We provide both data sources for comparison, as they aggregate data from different sources.

Note: Johns Hopkins [has stated](https://github.com/CSSEGISandData/COVID-19/issues/1250#issuecomment-606354840) that the reason they do not provide recovered counts for their US-specific data is that they cannot find a reliable source for recovered counts at the county level.

In [2]:
cod.get_data_jhu()

These data were obtained from Johns Hopkins University (https://github.com/CSSEGISandData/COVID-19).


Unnamed: 0,date,Province/State,Country/Region,Lat,Long,cases,deaths,recovered
0,2020-01-22,Anhui,China,31.825700,117.226400,1.0,0.0,0.0
1,2020-01-22,Beijing,China,40.182400,116.414200,14.0,0.0,0.0
2,2020-01-22,Chongqing,China,30.057200,107.874000,6.0,0.0,0.0
3,2020-01-22,Fujian,China,26.078900,117.987400,1.0,0.0,0.0
4,2020-01-22,Guangdong,China,23.341700,113.424400,26.0,0.0,0.0
5,2020-01-22,Guangxi,China,23.829800,108.788100,2.0,0.0,0.0
6,2020-01-22,Guizhou,China,26.815400,106.874800,1.0,0.0,0.0
7,2020-01-22,Hainan,China,19.195900,109.745300,4.0,0.0,0.0
8,2020-01-22,Hebei,China,39.549000,116.130600,1.0,0.0,0.0
9,2020-01-22,Henan,China,33.882000,113.614000,5.0,0.0,0.0


In [3]:
cod.get_data_nyt()

These data were obtained from The New York Times (https://github.com/nytimes/covid-19-data).


Unnamed: 0,date,state,fips,cases,deaths
0,2020-01-21,Washington,53,1,0
1,2020-01-22,Washington,53,1,0
2,2020-01-23,Washington,53,1,0
3,2020-01-24,Illinois,17,1,0
4,2020-01-24,Washington,53,1,0
5,2020-01-25,California,6,1,0
6,2020-01-25,Illinois,17,1,0
7,2020-01-25,Washington,53,1,0
8,2020-01-26,Arizona,4,1,0
9,2020-01-26,California,6,2,0


## Data type options
By default, our package will return counts cases, deaths, and recovered (the last if it's available). We call these "data types". You may want a table that only has one data type. To get a table with just one data type, pass that data type to the `data_type` parameter.

For example, to get just the counts of confirmed cases:

In [4]:
cod.get_data_jhu(data_type="cases")

These data were obtained from Johns Hopkins University (https://github.com/CSSEGISandData/COVID-19).


Unnamed: 0,date,Province/State,Country/Region,Lat,Long,cases
0,2020-01-22,Anhui,China,31.825700,117.226400,1
1,2020-01-22,Beijing,China,40.182400,116.414200,14
2,2020-01-22,Chongqing,China,30.057200,107.874000,6
3,2020-01-22,Fujian,China,26.078900,117.987400,1
4,2020-01-22,Guangdong,China,23.341700,113.424400,26
5,2020-01-22,Guangxi,China,23.829800,108.788100,2
6,2020-01-22,Guizhou,China,26.815400,106.874800,1
7,2020-01-22,Hainan,China,19.195900,109.745300,4
8,2020-01-22,Hebei,China,39.549000,116.130600,1
9,2020-01-22,Henan,China,33.882000,113.614000,5


Pass "deaths" to get just counts of deaths, and "recovered" to get just counts of recovered cases.
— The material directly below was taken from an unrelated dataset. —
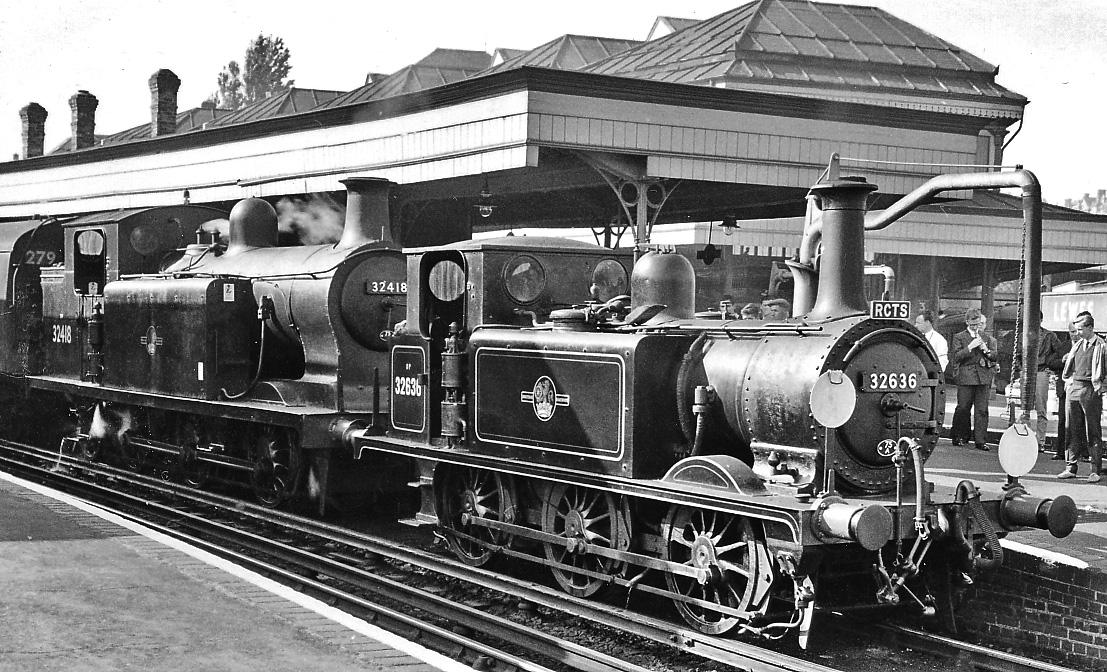 RCTS Sussex Rail Tour at Lewes. View NW, towards Brighton to the left, Haywards Heath and London to the right; ex-LB&SCR London/Brighton - Eastbourne/Hastings/Seaford lines; also to the right the unelectrified lines went via East Grinstead and Eridge to Oxted and London. The Tour, which was from London (see TQ3380 : London Bridge (Central ) Station, with 'Schools' 4-4-0 on a Rail Tour), was headed from and to Brighton by these two ex-LB&SC locomotives: Stroudley A1X class 0-6-0T No. 32636 and R. Billinton E6 class 0-6-2T No. 32418 (for details see TQ4401 : Newhaven Locomotive Depot with ex-LB&SC 0-6-0T and 0-6-2T)

If you ask for an unavailable data type (e.g. passing "recovered" to the `get_data_nyt` function), the package will notify you and throw an exception.

## Dataframe format options
Our package provides the option of returning data tables in either the "wide" or "long" format. A "wide" format table has a separate column for every variable, whereas a "long" format table has one column for all variables. (See [this explanation](https://en.wikipedia.org/wiki/Wide_and_narrow_data) from Wikipedia for a more in-depth discussion of the differences.)
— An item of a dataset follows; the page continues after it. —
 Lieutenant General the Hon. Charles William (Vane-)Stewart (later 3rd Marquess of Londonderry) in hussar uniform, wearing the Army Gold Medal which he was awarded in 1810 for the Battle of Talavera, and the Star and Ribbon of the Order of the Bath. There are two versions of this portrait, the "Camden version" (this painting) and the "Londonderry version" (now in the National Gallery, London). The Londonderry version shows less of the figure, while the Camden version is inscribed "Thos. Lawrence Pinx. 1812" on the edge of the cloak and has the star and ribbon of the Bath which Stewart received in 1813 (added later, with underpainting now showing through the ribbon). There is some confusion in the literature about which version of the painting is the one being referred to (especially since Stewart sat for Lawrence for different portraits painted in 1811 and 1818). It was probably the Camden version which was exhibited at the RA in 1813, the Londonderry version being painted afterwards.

Many plotting tools prefer data in the "long" format. However, the "wide" format can also be useful, and sometimes makes data easier to think about. So, we provide both options. The actual data is the same either way; we just convert between the different formats for you.
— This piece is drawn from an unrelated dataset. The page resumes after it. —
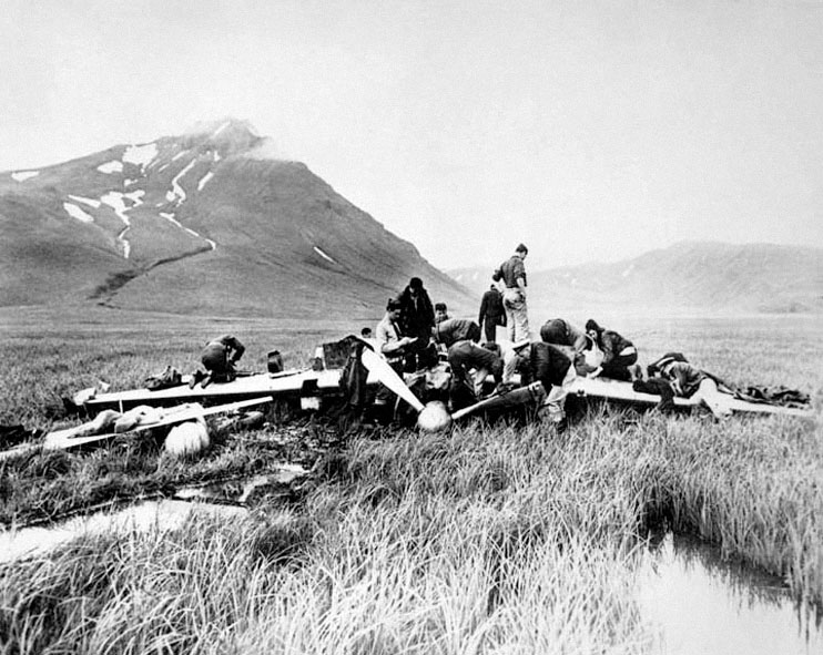 A US military recovery crew on July 11, 1942 swarms over an Imperial Japanese Navy Zero aircraft which crashed on Akutan Island, Alaska on June 4, 1942 after bombing Dutch Harbor. The pilot, Tadayoshi Koga, was killed in the crash. The soft marshy surface prevented serious damage to the aircraft. The plywood drop fuel tank was torn from the Zero as it slid across the marsh. The aircraft was moved to the US and later used for intelligence purposes by the US.

Our package defaults to returning tables in the "long" format. To get a table in the "wide" format instead, pass`"wide"` to the `format` parameter in the getter function. 

Note: With a "wide" format table, you can only have one data type (cases, deaths, or recovered) in the table. So, you must pass an argument other that the default `"all"` to the `data_type` parameter. If you want multiple data types in the "wide" format, you need a separate table for each data type.